So just write “if (img[index] != clone[index]) *cmp=index;”

Now the final value of *cmp is subject to a race condition… if multiple threads have set it, then ONE will have succeeded at the end, but it is undefined which one was that winner.
If you really need a consistent winner, then just use atomicMin(cmp, index) or atomicMax(cmp, index), and at the end of processing, cmp will hold the smallest or largest index respectively.

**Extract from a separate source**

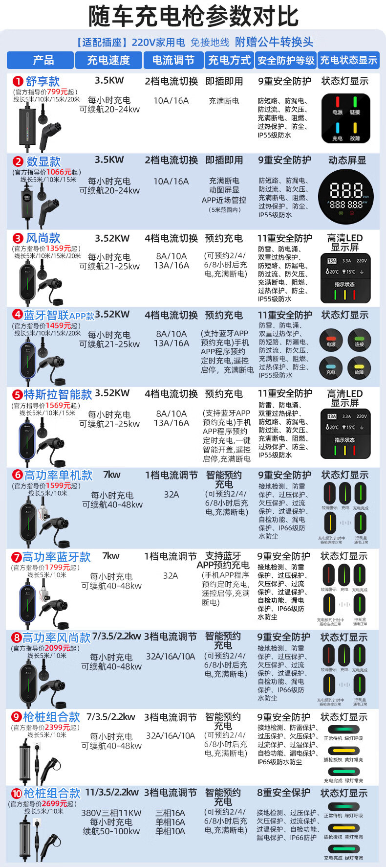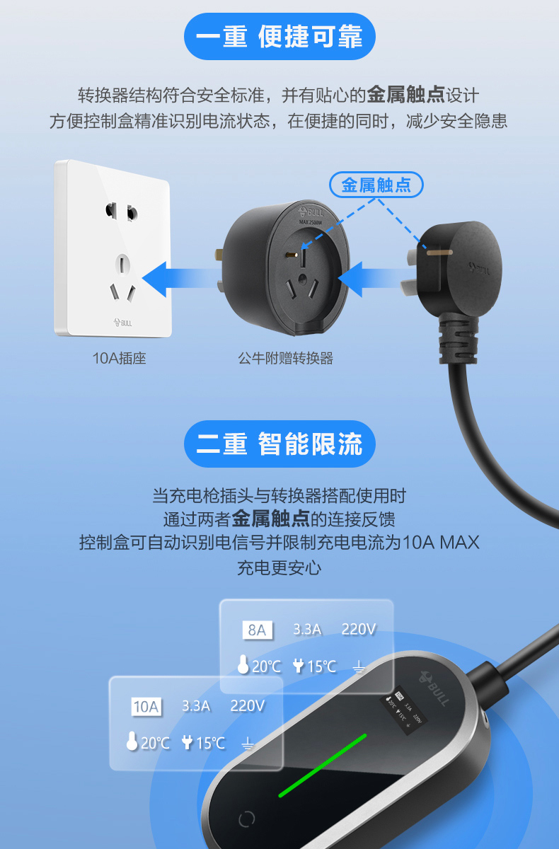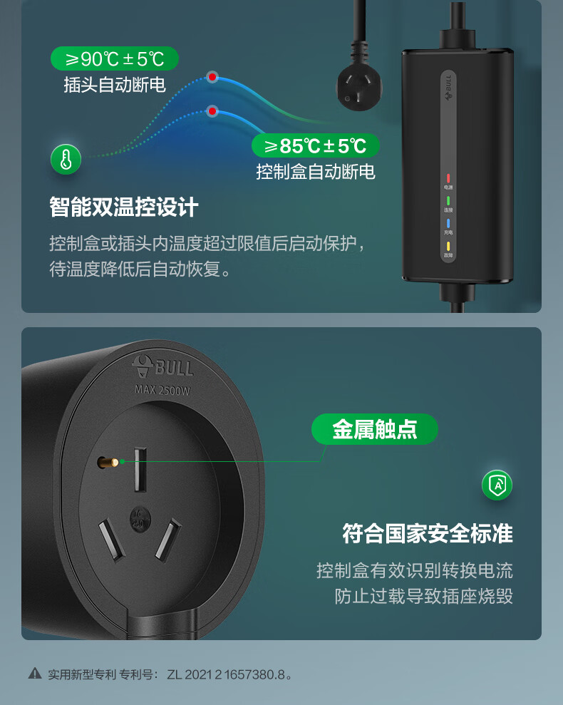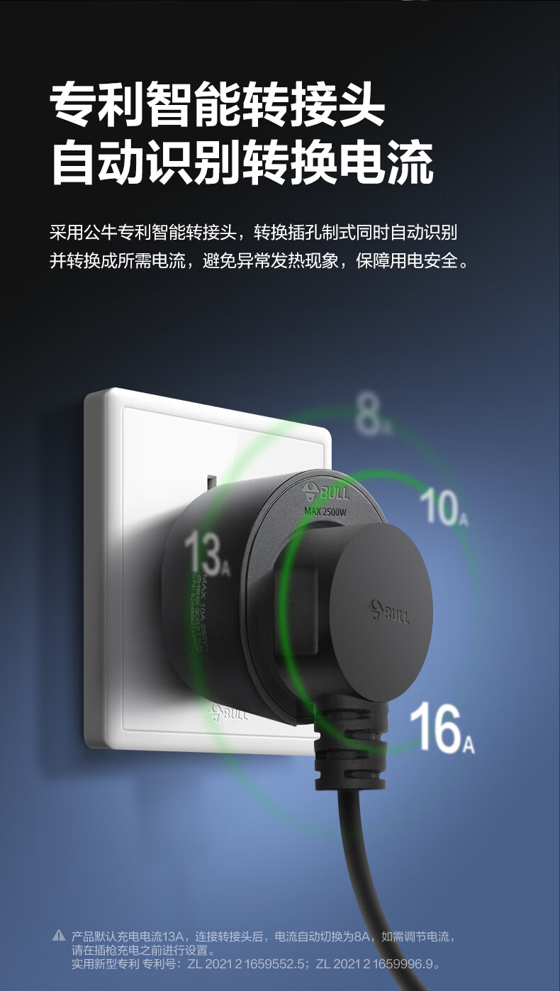 Bull (BULL) car charger 3.5kw/7kw household new energy vehicle charging gun adapted to Tesla models, Lynk & Co Volkswagen ideal BYD Ian portable charger 3.5kw fashion model - 5 meters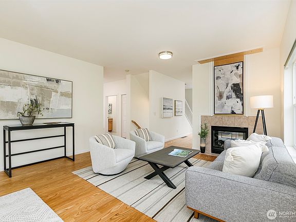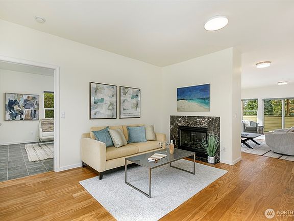 Located in Seattle’s desirable Broadview neighborhood, this spacious and light filled three-level home offers comfort and versatility. The main level features a welcoming lounge area with a two-sided fireplace, a large light-filled living room that opens to an entertainment-sized deck, a well-appointed kitchen, dining area, den with deck access, three-quarter bath, and laundry. Upstairs, the primary suite includes territorial views, a walk-in closet, and en suite bath, plus a family room, two bedrooms, and full bath. The lower level offers a bedroom, garage, and space plumbed for an ADU. A partially fenced yard and extra parking complete the property, near Carkeek Park, trails, shopping, dining, and major routes. Pre-inspected!

it seems odd, but this are the two options that i am using:

kernel code here...
__global__ void comparacao_paralela(unsigned char *img, unsigned char *clone, unsigned int *cmp, int N , int width , int widthStep , int nChannels)
{
	unsigned int indice , index;
.
.
.
#ifdef no_race
if (img[indice] != clone[indice])
	atomicExch(&cmp[indice], indice);
#endif
		
#ifdef race
if (img[indice] != clone[indice])
	atomicExch(&cmp[0], 1); //i dont care the indice number, i just need it to be != 0
#endif
.
.
.

end of kernel code

host code:
.
.
.
cudaMemset(CUDAcmp, 0, sizeof(unsigned int) * N);
comparacao_paralelaCPP(nBlocks, blockSize, CUDAClone_data, CUDAClone2_data, CUDAcmp, N, width, widthStep, nChannels);  <== the kernell call
cudaMemcpy(j, CUDAcmp, sizeof(unsigned int) * N, cudaMemcpyDeviceToHost);
#ifdef no_race
		for(k=0 ; k < N ; k++)
			if (j[k] != 0)
			{
				printf("-%d- ",j[k]);
				break;  //breaks this _for_
			}

		if (k == N)
		{
			printf("finalizing!!!!!! \n");
			break;
		}
		else
			printf("still run!!!!!! \n");
#endif

#ifdef race
		if (j[0] != 0)
			printf("-%d- ",j[0]);
		else
		{
			printf("finalizing \n",j[0]);
			break;
		}
#endif

if i set the RACE define, the code SOMETIMES run, SOMETIMES enter in a infinite loop.
if i set the NO_RACE define, the code ALWAYS run!

i REALLY dont know how the race is crushing me up here :(